Straight lines and architectural forms were useful in enhancing a realistic sense of perspective partly because viewers‘ understanding of these shapes as three-dimensional objects helped them to believe the painted version. The Virgin’s throne, for example, looks like a classical-style building within which the Virgin sits. Like Christ’s halo its depth suggests there is space around it, despite the gold background. The small colonettes seem to make it look even bigger and more sturdy. The pale grey stone would have reminded viewers of pietra serena – the stone which the Florentine architect Brunelleschi used in his churches and a contemporary trend in architecture. In the same way, the angels’ lutes which point in and out of the picture reinforce the idea that the space they sit in is a continuation of our own.
The wavy pattern on the throne step is not purely decorative – it’s supposed to bring to mind Roman marble tombs (sarcophagi). The black grapes that Christ eats had another meaning too: they recall the wine of the Eucharist, consumed along with bread in remembrance of Christ’s body and the blood he shed at the Crucifixion. A panel showing the Crucifixion was probably placed directly above this painting; this vertical arrangement of images spelt out the Christian message of salvation through Christ’s death and its remembrance. Despite its clear theological message, the way in which the Virgin looks at the Child – as though with sadness at the thought of his future sacrifice – brings psychological realism to the image, another of Masaccio’s influential innovations.

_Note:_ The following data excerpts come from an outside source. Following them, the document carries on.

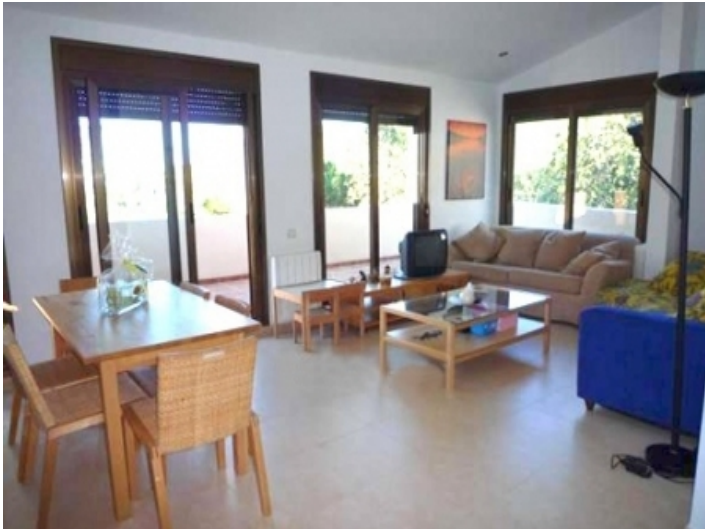
Spacious lounge and dining room
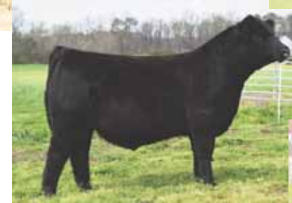
ELCX Gone Fishin 929G
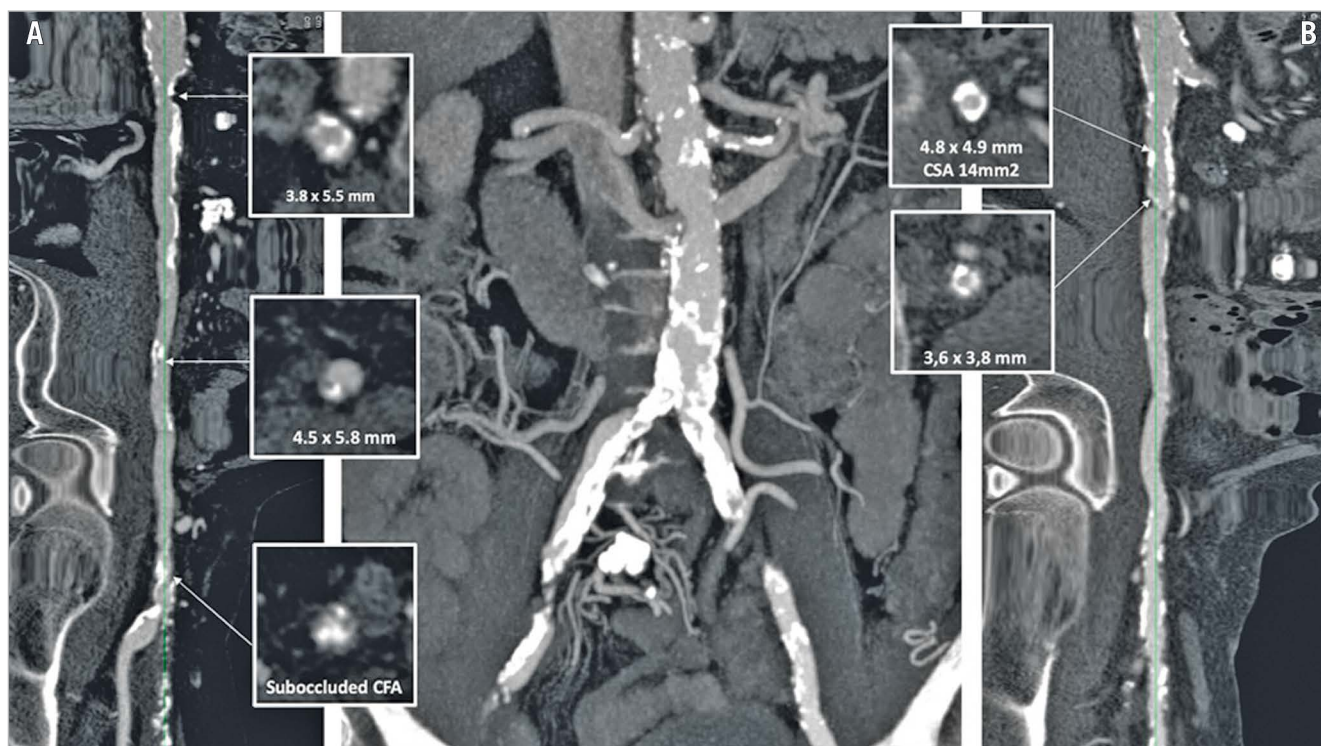
Figure 1. Preprocedural computed tomography (CT) scan to assess iliac and femoral calcification in order to evaluate TAVI access. Case example (part 1). Central panel: CT image of the iliac bifurcation showing severe tortuosity and calcification of both iliac arteries. CT longitudinal image of the severely calcified right common, external iliac and right common femoral artery (CFA) (panel A) and left common external iliac artery (panel B). In each panel, multiple cross-sections with diameters, area of near circumferential calcification and thick protruding nodules are shown. The right common femoral artery was the access artery selected for this patient, who underwent IVL treatment as shown in Figure 2. CSA: cross-sectional area; IVL: intravascular lithotripsy; TAVI: transcatheter aortic valve implantation

tortuosity of the iliac vessels assessed by CT. For elective cases, after insertion of a 0.014-inch guidewire, a dedicated IVL balloon was delivered, in the majority of cases preferring the largest available IVL balloon (Shockwave M 5 , 7 mm; Shockwave Medical) ( Figure 2 ). A short 10 Fr sheath was generally used to advance the IVL system from the main access side, after deployment of the pre-implanted closure device system, while a 45 cm, 7 Fr sheath was preferred in case of a contralateral approach. During repeat balloon inflations at low pressure (3-4 atmospheres), multiple pulses were delivered, completing (in the majority of cases) the whole cycle of pulses available (300) for each balloon. Post-dilatation with a conventional non-compliant (NC) balloon was left to the operator's choice. For bail-out procedures, IVL was used after failure to advance the delivery sheath or the valve deployment system.
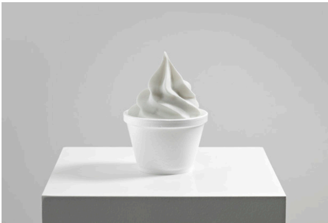
The Bigg Chill, a 2012 work in which a frozen yogurt swirl is rendered in marble.
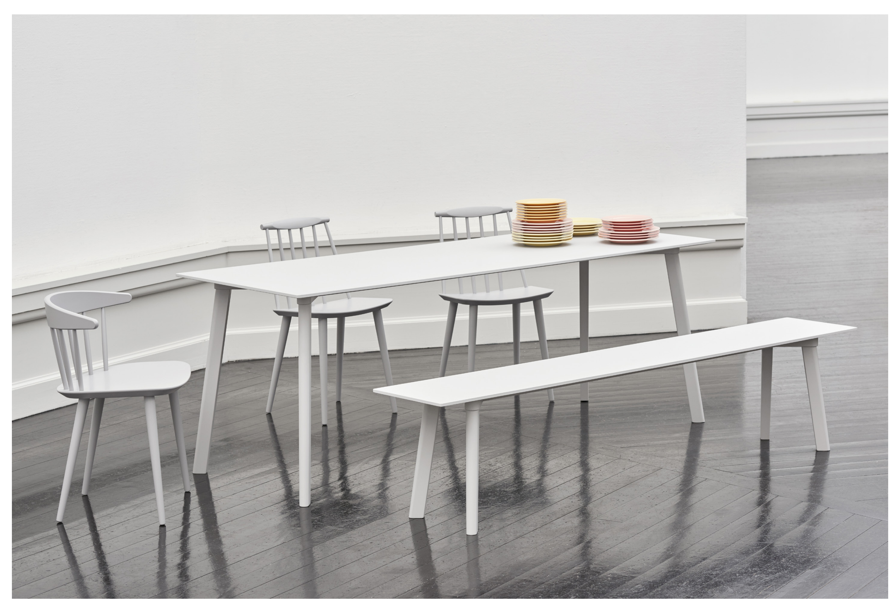
CPH Deux 210 Table | Pearl white laminate tabletop | Pearl white beech base
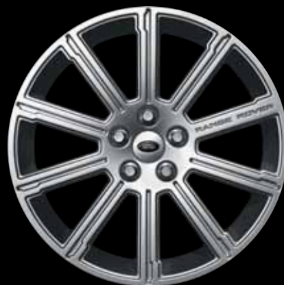
20-inch 10-Spoke Alloy Wheel (Rim only) Sparkle Silver Finish* — LR010666 2010 vehicles onward

Center Cap: Sparkle Silver Finish — RRJ500030WYS** High Gloss Silver Finish — RRJ500030WYT**
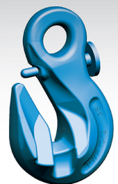
PS Grab Hook with Safety Pin
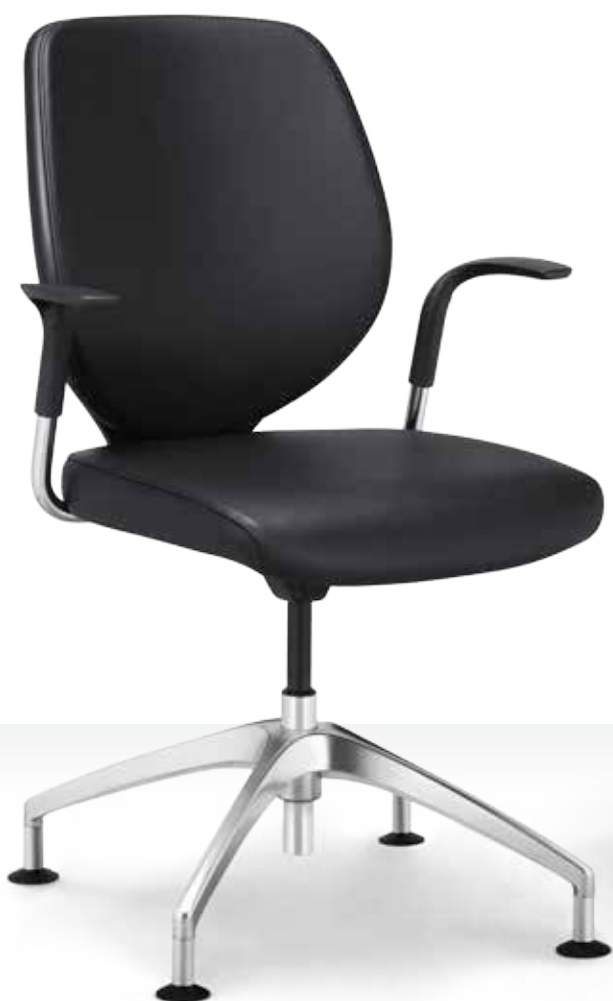
353-7518 → Leather upholstery → 4-arm base in polished aluminium → Glides chromium-plated
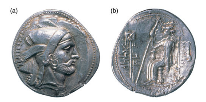
Fig. 5 Coin of Baydad
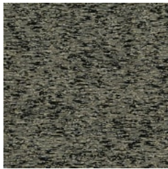
ACACI 909 MIDNIGHT
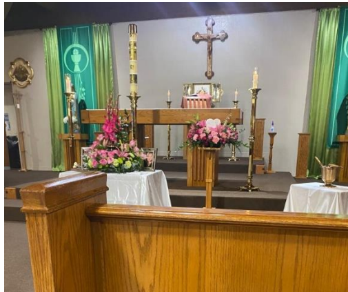
A remembrance of her life took place July 31st 2020 at St. Leonard's Catholic Church
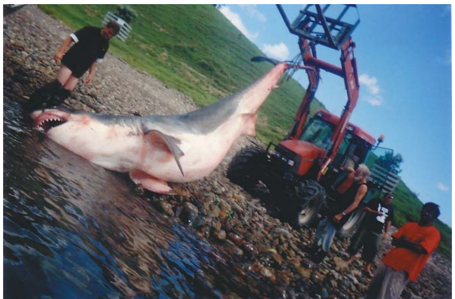
It didn't sink in what we had done until I saw the size of the teeth and mouth!

“At first I thought what the f*** have we got here when all I saw was this huge big dark shape coming up from the bottom. It was so bloody big I thought it was the Orca that we saw a couple of days earlier, but then an Orca could bust out of that in an instant. The boat started to list really badly now and holy cr** the only thing I had running through my head was the theme song of Jaws and the scene where this huge Noah was chomping through the stern of his boat... and I can’t tell you what I said next when its head popped out of the water and I saw what it was as you couldn’t print it! OH... MY... GAWD!!! I had never ever seen such a big mother. It’s just as big as the boat! Is it dead? Alive? Half alive?”
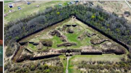
Fort no. 4
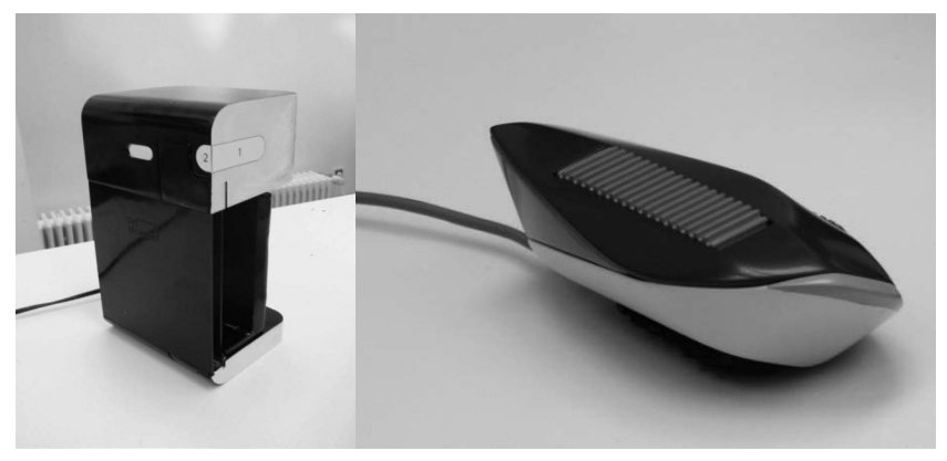
Figure 7. Prototypes of the products shown in Figure 6 created by cADP students

In the most recent cADP everyday objects were considered. The goal was to make the everyday's life more simple, pleasant, independent and/or effortless. A walking aid for older persons was designed with a mechanism on the front wheel, which makes it possible to overcome curbs easier. Furthermore, a conference table was designed and built, that can be transformed to a pause game easily by simply clicking out game play elements and cushions. Furthermore a new type of wireless ironing concept was designed that works with induction. Here the students build a fully functional prototype (Figure 8). In addition all groups used some former prototypes of lower fidelity for evaluation studies parallel to the ongoing design process. The main goal of these first prototypes was to confirm that their potential users got the same idea about the products as the designing students have.
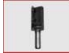
Flat milling head

The most complete record of the appearance of the original altarpiece comes from the second edition of Vasari’s biography of Italian artists, published in 1568. He described the Virgin and Child in the centre, with ‘some little angels playing music’. These were surrounded, he noted, by Saints Peter, John the Baptist, Julian and Nicholas. He mentioned a scene of the Crucifixion above the Virgin and Child, and that the predella included an image of the Adoration of the Kings. The three panels from the predella and the Crucifixion are in other museums but the location of the saints surrounding the Virgin and Child is not known. A number of Carmelite saints on small vertical panels have been identified; these probably decorated the pilasters.